The Water Quality Parameters

Over the years water quality and attitudes towards it have changed greatly particularly in the food and beverage industries. The most significant criteria have been the appearance, especially in the beverage industry. However, factors such as taste have gained great importance over the years. However, probably the most important factor to arise in terms of quality due to water pollution is the quantity of coliform bacteria that is present in the water supply.

The appearance or turbidity is a measure of cloudiness and color, where accepted turbidity in most food and beverage production is 10 units. But ice has the exception with a turbidity factor of 5 units and most carbonated beverages with a turbidity factor of 2 units and water used in distilled spirits can have a turbidity factor as high as 10 units. Color is only specified for baked good at 10 units and carbonated beverages at 10 units and ice with 5 units.
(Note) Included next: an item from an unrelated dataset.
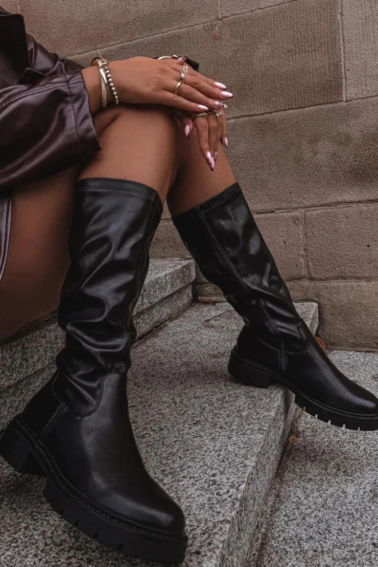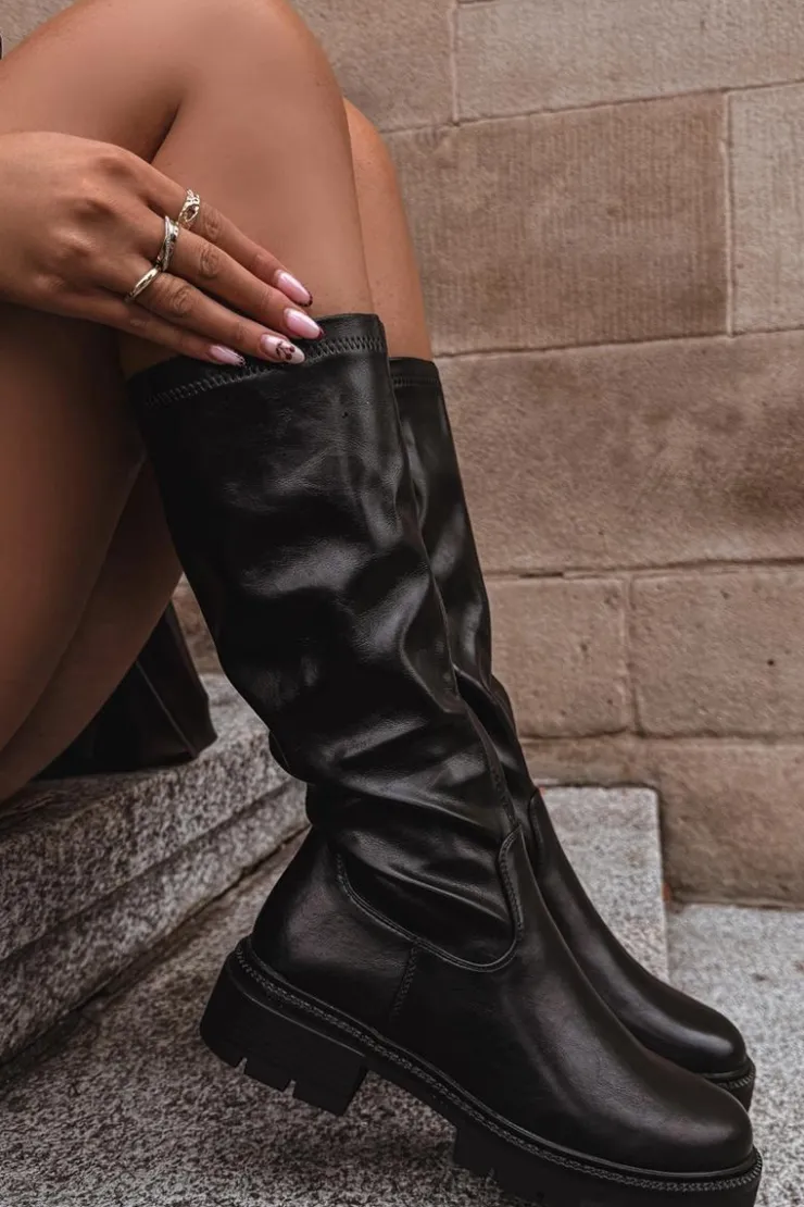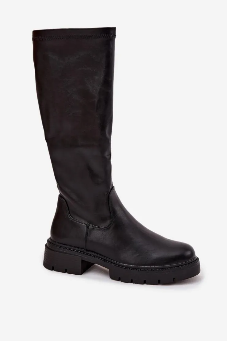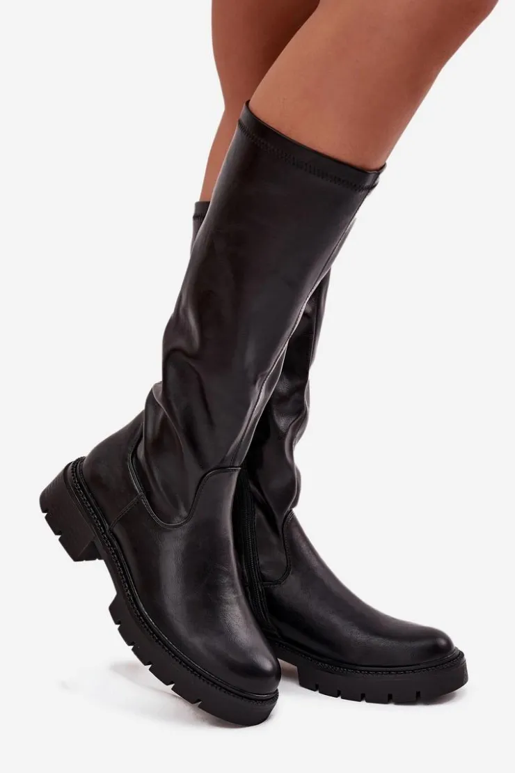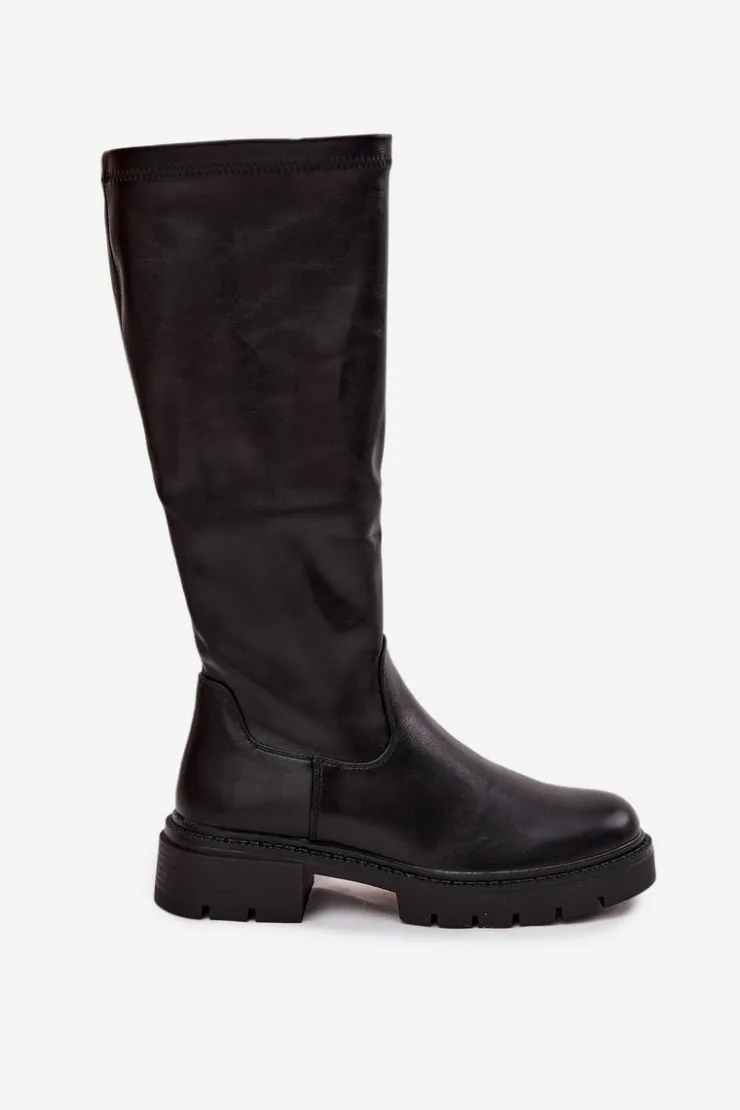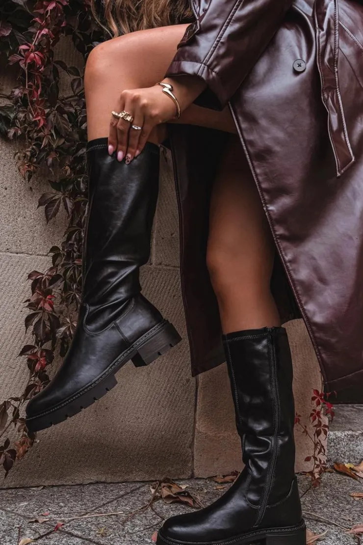 Damskie Boto Kozaki Damskie Z Eko Skóry Czarne Oceana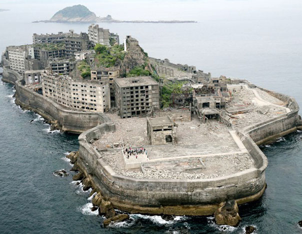 La isla de Hashima en el Japón, se construyó a raíz del descubrimiento de yacimientos de carbón en subsuelo marino, y tuvo su gran auge durante el periodo entre las dos guerras mundiales, donde incluso se construyeron grandes edificios residenciales tipo condominios, y se adecuó una serie de muelles y fortificaciones para protegerlas del alto oleaje existente en el mar; después de que la extracción se vino abajo y tras la derrota del imperio japonés en la segunda guerra mundial, inició el abandono de sus habitantes; en la actualidad y en medio del mar, sirve como museo viviente.

Taste and odor of water is another important factor in food processing and the cleaning of the food processing machines/equipment. However there has yet to an absolute standard established for taste and odor for water in these applications. Since water is odorless, any water with a perceived odor could be considered unacceptable which is also true for taste even though water can often be described as tasting good or tasting bad. Water that tastes bad may contain dissolved mineral salts such as oxides from iron and/or organic matter such as dried leaves bacteria and algae.